By Cathryn Berger Kaye, M.A., author of The Complete Guide to Service Learning
Every time I pick up a newspaper, I see a story that makes me think, Wow, if students knew about that!
Yes, summer is time off from the classroom. We all need a break, however, most educators are still thinking ahead (at least occasionally!) to when the school bell rings again; a favorite book to teach, an essential concept to know, and a more effective approach to engaging students.
During this “down” time, it’s almost like our antennas are still up, seeking ideas and resources that could interest students in a topic. The word interest has collateral because interest, once stimulated, can grow into curiosity. Once harnessed, curiosity can explode into questioning—which can lead to moving beyond ideas into action.
So, back to the newspapers. These underused print pieces can be energizing to students. Often when consulting at a school, I bring a stack of recent newspapers and distribute the papers to small groups of students. “Look through the paper,” I say, “at headlines, articles, even ads. What do you notice that sparks your interest in an issue or cause that you care about?”

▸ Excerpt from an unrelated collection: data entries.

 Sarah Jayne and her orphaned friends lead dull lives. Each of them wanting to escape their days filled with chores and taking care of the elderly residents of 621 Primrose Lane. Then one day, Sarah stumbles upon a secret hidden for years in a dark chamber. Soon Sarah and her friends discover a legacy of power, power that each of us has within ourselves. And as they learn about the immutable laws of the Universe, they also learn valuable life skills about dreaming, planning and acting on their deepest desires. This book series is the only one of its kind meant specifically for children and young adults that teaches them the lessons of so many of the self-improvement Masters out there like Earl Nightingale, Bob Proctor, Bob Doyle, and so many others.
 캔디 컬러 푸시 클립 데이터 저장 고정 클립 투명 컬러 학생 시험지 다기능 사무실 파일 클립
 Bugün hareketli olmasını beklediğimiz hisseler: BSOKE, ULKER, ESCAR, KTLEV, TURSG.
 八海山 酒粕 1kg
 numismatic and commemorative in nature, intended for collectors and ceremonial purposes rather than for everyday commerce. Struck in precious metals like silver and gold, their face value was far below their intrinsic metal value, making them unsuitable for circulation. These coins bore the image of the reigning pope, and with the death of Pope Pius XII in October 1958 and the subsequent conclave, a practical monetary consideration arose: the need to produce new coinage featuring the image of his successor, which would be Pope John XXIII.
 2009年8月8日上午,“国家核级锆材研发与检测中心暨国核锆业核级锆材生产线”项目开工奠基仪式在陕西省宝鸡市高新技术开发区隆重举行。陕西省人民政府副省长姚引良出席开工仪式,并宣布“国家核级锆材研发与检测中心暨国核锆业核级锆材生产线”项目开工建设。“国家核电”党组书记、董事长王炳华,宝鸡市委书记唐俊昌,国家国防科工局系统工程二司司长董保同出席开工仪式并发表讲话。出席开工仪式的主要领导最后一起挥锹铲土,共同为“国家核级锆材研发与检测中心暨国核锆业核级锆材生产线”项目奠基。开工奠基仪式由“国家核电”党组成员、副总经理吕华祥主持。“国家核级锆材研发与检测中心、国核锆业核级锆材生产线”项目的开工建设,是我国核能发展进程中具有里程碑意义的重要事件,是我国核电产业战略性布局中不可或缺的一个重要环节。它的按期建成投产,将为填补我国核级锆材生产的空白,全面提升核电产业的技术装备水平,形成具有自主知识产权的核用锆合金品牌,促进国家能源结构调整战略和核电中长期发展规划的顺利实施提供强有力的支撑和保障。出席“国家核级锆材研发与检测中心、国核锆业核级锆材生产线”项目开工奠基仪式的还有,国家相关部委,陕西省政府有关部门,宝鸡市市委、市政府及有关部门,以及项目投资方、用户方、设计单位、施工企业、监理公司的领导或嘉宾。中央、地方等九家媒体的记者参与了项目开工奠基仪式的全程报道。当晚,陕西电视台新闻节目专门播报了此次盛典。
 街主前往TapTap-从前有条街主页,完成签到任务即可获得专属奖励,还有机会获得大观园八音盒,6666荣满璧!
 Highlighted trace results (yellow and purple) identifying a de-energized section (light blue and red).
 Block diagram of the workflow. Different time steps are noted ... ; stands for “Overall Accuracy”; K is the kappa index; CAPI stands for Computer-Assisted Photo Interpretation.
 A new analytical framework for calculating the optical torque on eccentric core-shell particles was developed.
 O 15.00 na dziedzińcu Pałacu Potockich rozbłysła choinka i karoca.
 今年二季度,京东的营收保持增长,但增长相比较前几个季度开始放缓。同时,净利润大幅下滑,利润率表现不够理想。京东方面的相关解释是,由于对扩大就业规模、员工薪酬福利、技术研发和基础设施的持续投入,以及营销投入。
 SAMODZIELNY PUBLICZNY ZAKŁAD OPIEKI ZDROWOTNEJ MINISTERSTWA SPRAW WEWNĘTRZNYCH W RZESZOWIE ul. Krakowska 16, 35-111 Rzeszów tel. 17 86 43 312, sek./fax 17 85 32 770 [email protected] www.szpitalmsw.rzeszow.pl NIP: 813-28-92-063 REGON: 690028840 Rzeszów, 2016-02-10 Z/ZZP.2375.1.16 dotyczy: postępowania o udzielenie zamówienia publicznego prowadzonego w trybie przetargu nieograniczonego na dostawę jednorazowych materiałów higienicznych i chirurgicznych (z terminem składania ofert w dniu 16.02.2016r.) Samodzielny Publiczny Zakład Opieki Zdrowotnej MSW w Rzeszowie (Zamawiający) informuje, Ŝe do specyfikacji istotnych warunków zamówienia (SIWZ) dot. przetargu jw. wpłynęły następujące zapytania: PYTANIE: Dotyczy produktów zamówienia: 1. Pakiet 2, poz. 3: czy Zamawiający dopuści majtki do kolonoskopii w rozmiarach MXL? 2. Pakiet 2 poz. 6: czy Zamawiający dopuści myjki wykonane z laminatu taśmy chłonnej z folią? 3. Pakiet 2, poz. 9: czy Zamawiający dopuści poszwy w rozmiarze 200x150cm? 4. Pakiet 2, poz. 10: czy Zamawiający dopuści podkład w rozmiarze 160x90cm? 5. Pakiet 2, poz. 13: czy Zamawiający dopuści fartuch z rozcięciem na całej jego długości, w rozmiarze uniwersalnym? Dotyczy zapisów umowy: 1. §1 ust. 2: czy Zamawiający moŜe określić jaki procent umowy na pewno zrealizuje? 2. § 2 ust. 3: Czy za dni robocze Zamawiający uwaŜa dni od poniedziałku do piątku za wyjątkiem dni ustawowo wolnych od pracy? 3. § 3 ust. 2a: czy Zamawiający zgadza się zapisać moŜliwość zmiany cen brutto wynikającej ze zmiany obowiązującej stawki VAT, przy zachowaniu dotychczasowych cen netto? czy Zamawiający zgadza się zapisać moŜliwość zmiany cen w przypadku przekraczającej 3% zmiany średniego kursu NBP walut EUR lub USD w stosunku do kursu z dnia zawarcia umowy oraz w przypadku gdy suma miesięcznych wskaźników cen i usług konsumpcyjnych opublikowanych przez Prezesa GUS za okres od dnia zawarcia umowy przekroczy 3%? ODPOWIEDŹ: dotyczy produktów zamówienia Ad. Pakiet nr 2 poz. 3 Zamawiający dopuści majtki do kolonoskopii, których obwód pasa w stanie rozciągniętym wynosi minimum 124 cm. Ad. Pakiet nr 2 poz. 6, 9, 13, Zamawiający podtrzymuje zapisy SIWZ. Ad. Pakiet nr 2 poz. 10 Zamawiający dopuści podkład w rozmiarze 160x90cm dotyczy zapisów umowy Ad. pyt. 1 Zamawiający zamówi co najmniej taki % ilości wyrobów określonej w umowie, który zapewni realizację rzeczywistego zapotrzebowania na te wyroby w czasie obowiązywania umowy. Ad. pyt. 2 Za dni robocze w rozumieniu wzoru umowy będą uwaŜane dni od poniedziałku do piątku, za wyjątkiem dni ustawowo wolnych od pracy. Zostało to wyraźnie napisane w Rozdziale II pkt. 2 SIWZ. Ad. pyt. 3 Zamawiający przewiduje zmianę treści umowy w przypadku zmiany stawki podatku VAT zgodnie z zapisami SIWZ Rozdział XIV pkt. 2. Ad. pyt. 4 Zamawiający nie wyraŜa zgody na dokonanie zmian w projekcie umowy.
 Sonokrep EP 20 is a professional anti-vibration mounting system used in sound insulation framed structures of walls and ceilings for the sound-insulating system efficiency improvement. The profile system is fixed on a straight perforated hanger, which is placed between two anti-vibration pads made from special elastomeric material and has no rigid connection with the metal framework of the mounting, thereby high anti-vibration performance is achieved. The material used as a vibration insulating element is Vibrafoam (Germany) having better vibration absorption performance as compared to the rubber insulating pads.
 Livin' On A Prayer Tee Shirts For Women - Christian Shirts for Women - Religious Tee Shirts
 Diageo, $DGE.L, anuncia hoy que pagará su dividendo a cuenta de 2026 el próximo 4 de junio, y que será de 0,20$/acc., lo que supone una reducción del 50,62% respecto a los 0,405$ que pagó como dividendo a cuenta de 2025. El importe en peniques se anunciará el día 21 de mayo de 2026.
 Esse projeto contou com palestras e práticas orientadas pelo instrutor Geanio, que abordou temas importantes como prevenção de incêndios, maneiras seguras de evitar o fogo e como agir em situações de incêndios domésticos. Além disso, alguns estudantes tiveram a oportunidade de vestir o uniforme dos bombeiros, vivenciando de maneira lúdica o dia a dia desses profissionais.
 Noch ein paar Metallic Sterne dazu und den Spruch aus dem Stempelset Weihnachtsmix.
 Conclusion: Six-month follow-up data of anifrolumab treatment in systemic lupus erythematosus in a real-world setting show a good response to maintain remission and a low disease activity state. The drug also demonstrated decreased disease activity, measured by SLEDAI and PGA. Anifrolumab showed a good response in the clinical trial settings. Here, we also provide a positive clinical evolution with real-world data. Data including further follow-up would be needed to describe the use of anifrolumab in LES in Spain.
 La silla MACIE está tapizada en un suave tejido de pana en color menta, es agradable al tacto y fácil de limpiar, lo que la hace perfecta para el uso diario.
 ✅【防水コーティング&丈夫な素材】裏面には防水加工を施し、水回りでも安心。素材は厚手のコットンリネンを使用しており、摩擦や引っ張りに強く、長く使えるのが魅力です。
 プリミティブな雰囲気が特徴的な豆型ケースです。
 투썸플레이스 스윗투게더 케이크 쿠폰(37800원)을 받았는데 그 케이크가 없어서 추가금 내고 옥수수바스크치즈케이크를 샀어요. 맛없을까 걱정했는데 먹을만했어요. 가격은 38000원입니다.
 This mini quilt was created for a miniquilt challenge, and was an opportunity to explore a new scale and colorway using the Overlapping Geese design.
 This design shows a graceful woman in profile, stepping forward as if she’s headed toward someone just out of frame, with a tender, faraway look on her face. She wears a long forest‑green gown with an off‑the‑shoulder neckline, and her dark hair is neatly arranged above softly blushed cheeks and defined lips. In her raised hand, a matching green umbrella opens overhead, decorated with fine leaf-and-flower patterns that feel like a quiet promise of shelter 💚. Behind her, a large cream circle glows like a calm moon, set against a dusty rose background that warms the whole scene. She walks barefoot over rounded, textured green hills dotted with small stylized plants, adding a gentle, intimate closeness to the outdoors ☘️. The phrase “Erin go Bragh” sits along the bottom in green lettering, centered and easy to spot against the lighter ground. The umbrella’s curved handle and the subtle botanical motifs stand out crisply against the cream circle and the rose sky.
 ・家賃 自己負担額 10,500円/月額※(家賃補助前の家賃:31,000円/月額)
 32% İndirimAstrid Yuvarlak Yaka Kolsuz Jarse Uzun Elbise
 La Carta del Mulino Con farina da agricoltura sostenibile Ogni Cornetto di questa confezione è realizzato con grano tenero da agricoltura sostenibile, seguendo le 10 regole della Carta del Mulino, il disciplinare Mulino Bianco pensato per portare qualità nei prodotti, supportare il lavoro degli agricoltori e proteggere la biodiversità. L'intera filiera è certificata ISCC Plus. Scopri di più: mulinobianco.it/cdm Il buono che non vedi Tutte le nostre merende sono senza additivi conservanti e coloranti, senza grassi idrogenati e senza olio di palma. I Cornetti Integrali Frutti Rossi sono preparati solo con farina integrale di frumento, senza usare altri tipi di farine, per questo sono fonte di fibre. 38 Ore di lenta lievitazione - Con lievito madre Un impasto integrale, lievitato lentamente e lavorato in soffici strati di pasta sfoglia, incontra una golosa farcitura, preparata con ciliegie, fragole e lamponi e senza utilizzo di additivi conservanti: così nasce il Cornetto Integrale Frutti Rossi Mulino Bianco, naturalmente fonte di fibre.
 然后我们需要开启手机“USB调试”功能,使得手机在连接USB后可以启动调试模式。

What I find fascinating is that many students are rarely asked, “What do you care about?” so they may not know. However, five minutes with a newspaper reading about endangered turtles, girls not being able to attend school in a distant country, a drought that threatens agriculture, or supermarkets in France selling unattractive fruits and vegetables to reduce food waste, and all I can say is WOW. Students want to talk about issues. They raise questions. They want to know more.
In my book The Complete Guide to Service Learning, I have developed chapters on thirteen societal issues based on what kids of all ages care about. A newspaper story can open the chapter on an issue and trigger curricular ideas, preparation experiences, and scenarios that articulate concepts so that teachers can use the idea to support students in developing purposeful service learning experiences.
What’s more, reading newspapers is academic! And they are current. Check out these ideas for summertime ways to explore what’s news:
- Begin saving articles that connect to your academics or might build student interest and curiosity. Consider using the thirteen themes of service as a way to catalog stories in folders. You can download the articles you find online into folders on your computer. With either approach, students can highlight what is most significant and note what is left unexplained, leading to further investigation.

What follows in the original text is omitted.